As of Mar 31, 2018, total loans were $32.1 billion, up 8.1% from the prior-year quarter. Furthermore, total deposits increased approximately 7.9% to $32.9 billion from the year-ago quarter.

Credit Quality: A Mixed Bag

As of Mar 31, 2018, non-performing assets were $174 million, down 4.9% year over year. Ratio of non-performing loans to total originated loans contracted 3 bps from the year-earlier quarter to 0.52%.

However, net loan charge-offs climbed 25% year over year to $3 million. Net loan charge-offs as a percentage of average total loans on an annualized basis were 0.06%, up 3 bps year over year. Provision for loan losses came in at $5.4 million, up 22.7% year over year.

Capital Position Stable, Profitability Ratios Improve

Capital ratios of People’s United displayed mixed results. As of Mar 31, 2018, total risk-based capital ratio dropped to 12.6% from 12.7% recorded in the comparable quarter last year. Tangible equity ratio was 7.3%, down from 7.4% in the year-ago quarter.

The company’s profitability ratios improved. Return on average tangible stockholders’ equity was 13.8%, up from 9.6% in the prior-year quarter. Return on average assets of 0.98% inched up from 0.70% reported in the year-earlier quarter.

Dividend Update

Concurrent with the earnings release, People’s United’s board of directors hiked the quarterly common stock dividend to 17.50 cents per share, up 1.4% from the prior payout. The new dividend will be paid on May 15 to common shareholders of record as on May 1, 2018.

Our Viewpoint

People’s United reported an impressive quarter. Organic growth was experienced with rising loans and deposit balances. Though escalating non-interest expenses are expected to restrict bottom-line expansion in the upcoming quarters, the company is steadily growing through acquisitions, which is likely to continue in the near future, given its strong balance-sheet position.
 

Currently, People’s United carries a Zacks Rank #2 (Buy). You can see the complete list of today’s Zacks #1 Rank (Strong Buy) stocks here.

Performance of Other banks

Driven by top-line strength, Texas Capital Bancshares Inc. (TCBI - Free Report) reported a positive earnings surprise of around 0.7% in first-quarter 2018. Earnings per share of $1.38 outpaced the Zacks Consensus Estimate by a penny. Additionally, results compared favorably with 80 cents recorded in the prior-year quarter. Results were driven by rise in revenues. Organic growth was reflected, with significant rise in loans and deposit balances. However, elevated expenses and provisions remained the undermining factors.

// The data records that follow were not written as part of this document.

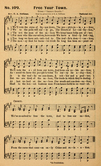 Display Title: Free Your TownFirst Line: We'll vote the curse of liquor downTune Title: YANKEE DOODLEAuthor: Rev. E. A. HoffmanDate: 1916Subject: Temperance |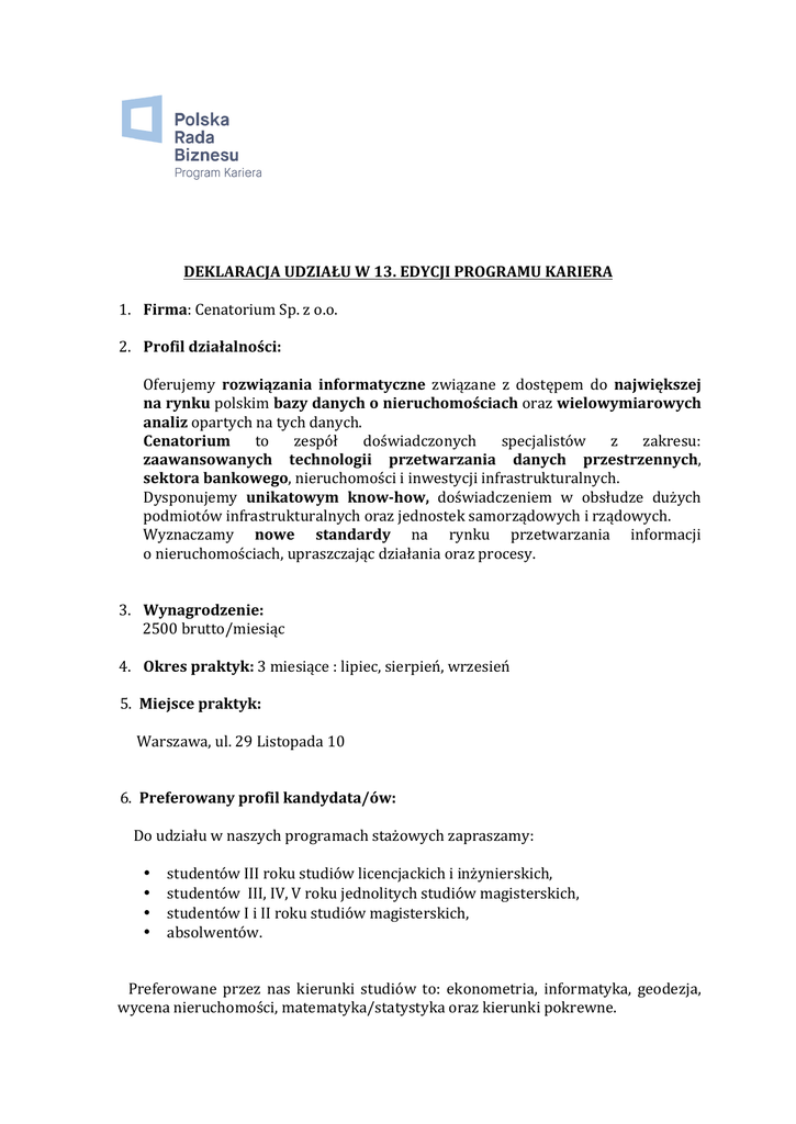 DEKLARACJA UDZIAŁU W 13. EDYCJI PROGRAMU KARIERA 1. Firma: Cenatorium Sp. z o.o. 2. Profil działalności: Oferujemy rozwiązania informatyczne związane z dostępem do największej na rynku polskim bazy danych o nieruchomościach oraz wielowymiarowych analiz opartych na tych danych. Cenatorium to zespół doświadczonych specjalistów z zakresu: zaawansowanych technologii przetwarzania danych przestrzennych, sektora bankowego, nieruchomości i inwestycji infrastrukturalnych. Dysponujemy unikatowym know-‐how, doświadczeniem w obsłudze dużych podmiotów infrastrukturalnych oraz jednostek samorządowych i rządowych. Wyznaczamy nowe standardy na rynku przetwarzania informacji o nieruchomościach, upraszczając działania oraz procesy. 3. Wynagrodzenie: 2500 brutto/miesiąc 4. Okres praktyk: 3 miesiące : lipiec, sierpień, wrzesień 5. Miejsce praktyk: Warszawa, ul. 29 Listopada 10 6. Preferowany profil kandydata/ów: Do udziału w naszych programach stażowych zapraszamy: • • • • studentów III roku studiów licencjackich i inżynierskich, studentów III, IV, V roku jednolitych studiów magisterskich, studentów I i II roku studiów magisterskich, absolwentów. Preferowane przez nas kierunki studiów to: ekonometria, informatyka, geodezja, wycena nieruchomości, matematyka/statystyka oraz kierunki pokrewne. 7. Praktyka w działach: IT, Wycen i analiz 8. Program praktyk: 1/ Cel praktyk • zapoznanie się ze specyfiką działalności i organizacją pracy w firmie Cenatorium, • zapoznanie się z narzędziami oraz systemami informatycznymi stosowanymi w przedsiębiorstwie, ich działaniem, obsługą oraz bezpieczeństwem, • nabycie umiejętności wektoryzacji, weryfikacji i moderacji danych, • nabycie umiejętności współpracy w zespole oraz między działami, • aktywny udział w bieżących przedsięwzięciach realizowanych przez Cenatorium. 2/ Zakres obowiązków • • • • • • • • • 3/ wprowadzanie, digitalizowanie, weryfikacja i moderacja danych, analiza danych ofertowych, opracowywanie raportów i analiz trendów, określanie przybliżonej wartości nieruchomości, analiza czynników wpływających na cenę nieruchomości, wsparcie zespołu B+R w zakresie przetwarzania danych różnego rodzaju, z wykorzystaniem własnych skryptów i dedykowanych narzędzi, wspomaganie tworzenia własnych narzędzi, rozbudowywanie funkcjonalności oprogramowania GIS, bieżące testowanie roboczych rozwiązań software'owych. Opiekun praktyk Adam Sobczak PROSIMY O ROWIĄZANIE ZADANIA Z DZIEDZINY IT LUB WYCEN I ANALIZ ( W ZALEŻNOŚCI DO JAKIEGO DZIAŁU APLIKUJESZ)
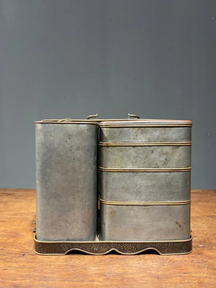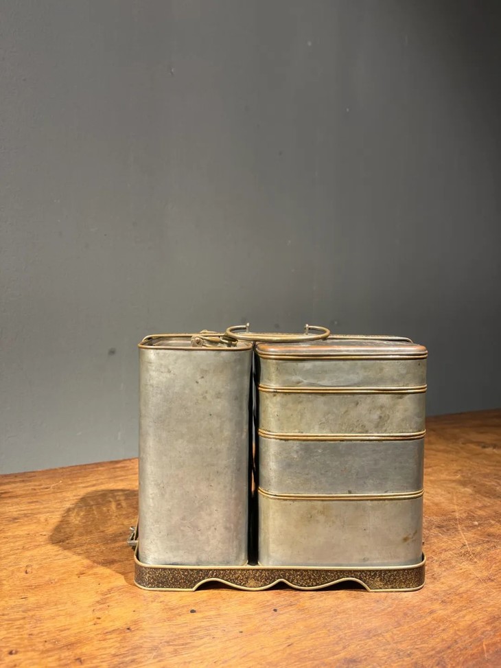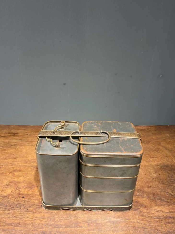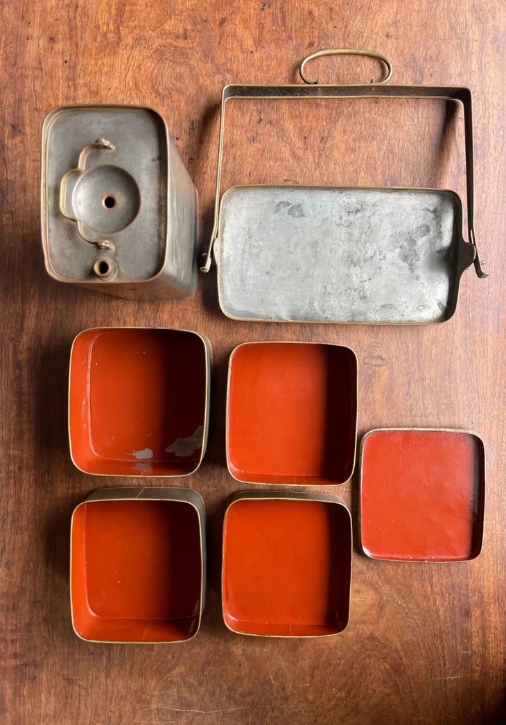 这是一套设计精巧、制作精緻严谨的携带式多层餐盒与饮料容器,手工錾铜鎏银,内部髹红漆四层食物盒,以及饮料罐,并置于设计奇巧的扣环提把,取材精良,制作严谨,是日本十九世纪的高端携带式餐饮容器。

M&T Bank (MTB - Free Report) reported net operating earnings of $2.26 per share in first-quarter 2018. The bottom line improved 5.1% year over year. In addition, top-line growth was recorded. Moreover, improved credit quality was a positive factor. Further, pressure on margin eased. However, decrease in loan and deposit balances was a headwind. Also, results were affected by higher expenses.

Comerica (CMA - Free Report) reported adjusted earnings per share of $1.54 in first-quarter 2018, up from the prior-year quarter adjusted figure of $1.02 on high interest income. Including certain non-recurring items, earnings came in at $1.59. The Zacks Consensus Estimate was $1.49. Higher revenues and improved credit metrics were recorded. Moreover, rise in loans was another tailwind. However, lower deposits and rise in expenses were undermining factors.